Hamish noticed a small boy feeding the pigeons, accompanied by his uniformed nursemaid, and thought of more innocent times.
‘Frances, we have never been lovers.’
Floored by his directness, Lady Morgan blushed, something she couldn’t remember doing for years.
‘No, but I thought…it was implied…’
‘There was nothing implied.’
She watched his face closing against her and decided upon another tactic.
‘My dear boy, you cannot imagine what joy it gives me just to have you sitting here by my side. And we have enjoyed such extraordinary conversations; I had hoped it would lead to greater intimacy…’

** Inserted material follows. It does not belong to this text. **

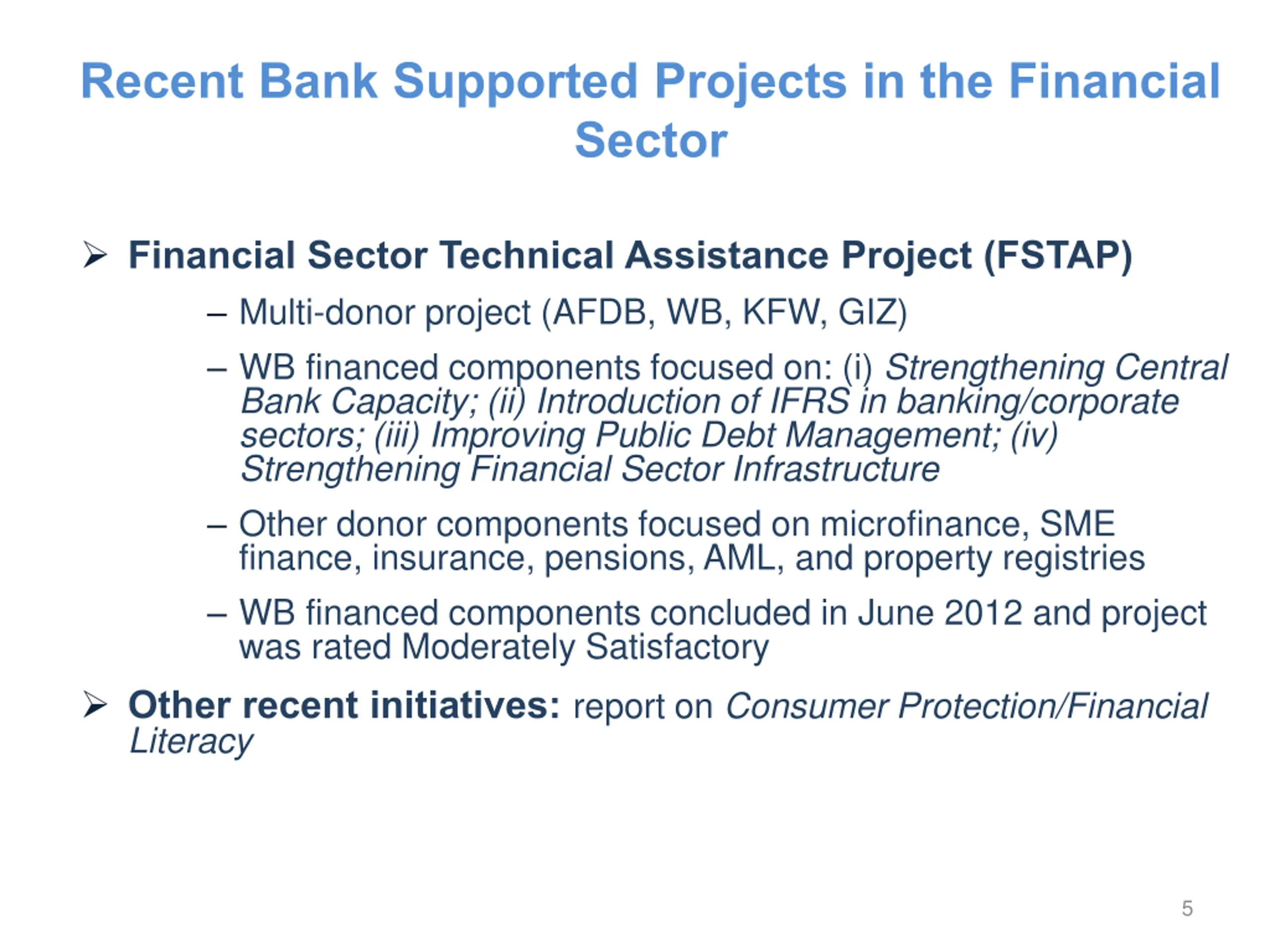Recent Bank Supported Projects in the Financial Sector Financial Sector Technical Assistance Project (FSTAP) Multi-donor project (AFDB, WB, KFW, GIZ) WB financed components focused on: (i) Strengthening Central Bank Capacity; (ii) Introduction of IFRS in banking/corporate sectors; (iii) Improving Public Debt Management; (iv) Strengthening Financial Sector Infrastructure Other donor components focused on microfinance, SME finance, insurance, pensions, AML, and property registries WB financed components concluded in June 2012 and project was rated Moderately Satisfactory Other recent initiatives: report on Consumer Protection/Financial Literacy 5
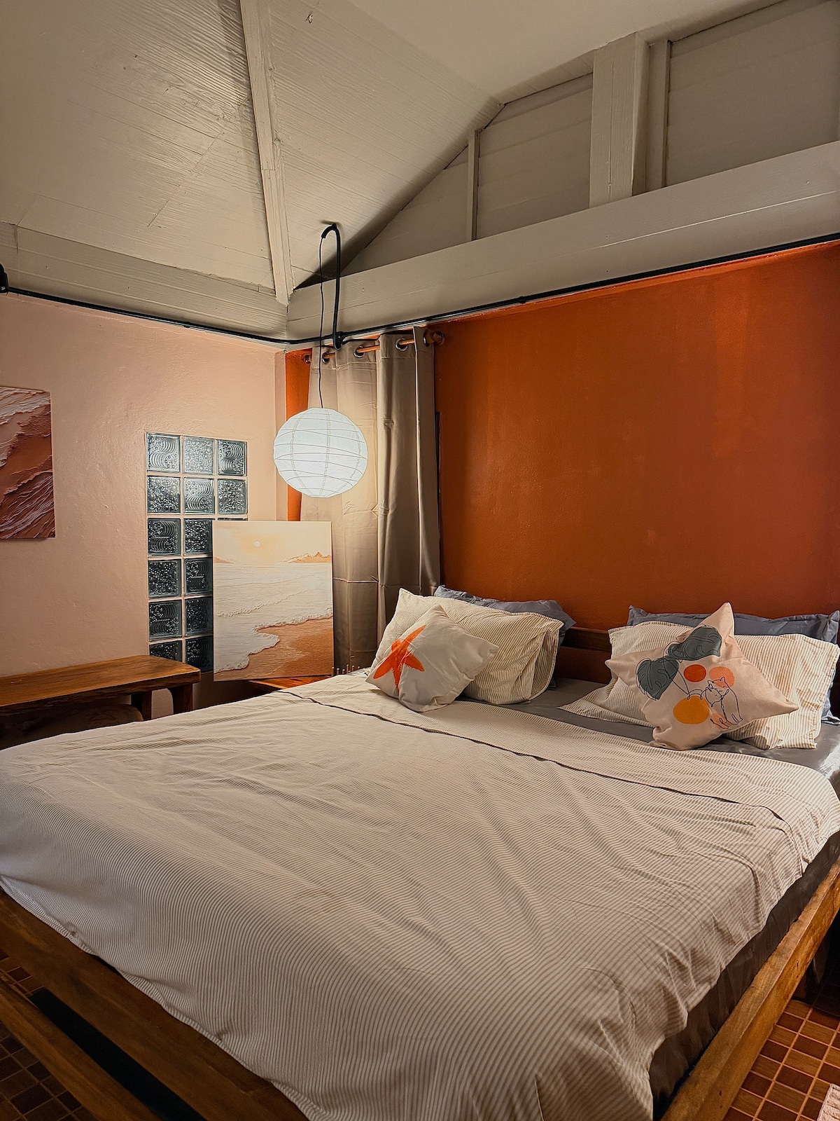Kick back and relax in this calm, stylish space.A cute terracotta-toned room with warm wood details and soft beach-themed décor. Just a 1-minute walk to the sea, with a small ocean view from the room. Perfect for guests seeking a cosy, relaxed stay close to nature and the beach breeze.

Hamish was intensely aware of the social repercussions of incurring her wrath, and decided it would be wise to allow her hand to linger on his thigh. He received a small but not insignificant stipend from Lady Morgan, not to mention the advantageous introductions she facilitated. However, she was renowned for her possessiveness—a trait Hamish had known about when he embarked upon his original campaign. But some events in life could not be controlled or circumvented, even by the most ambitious of men.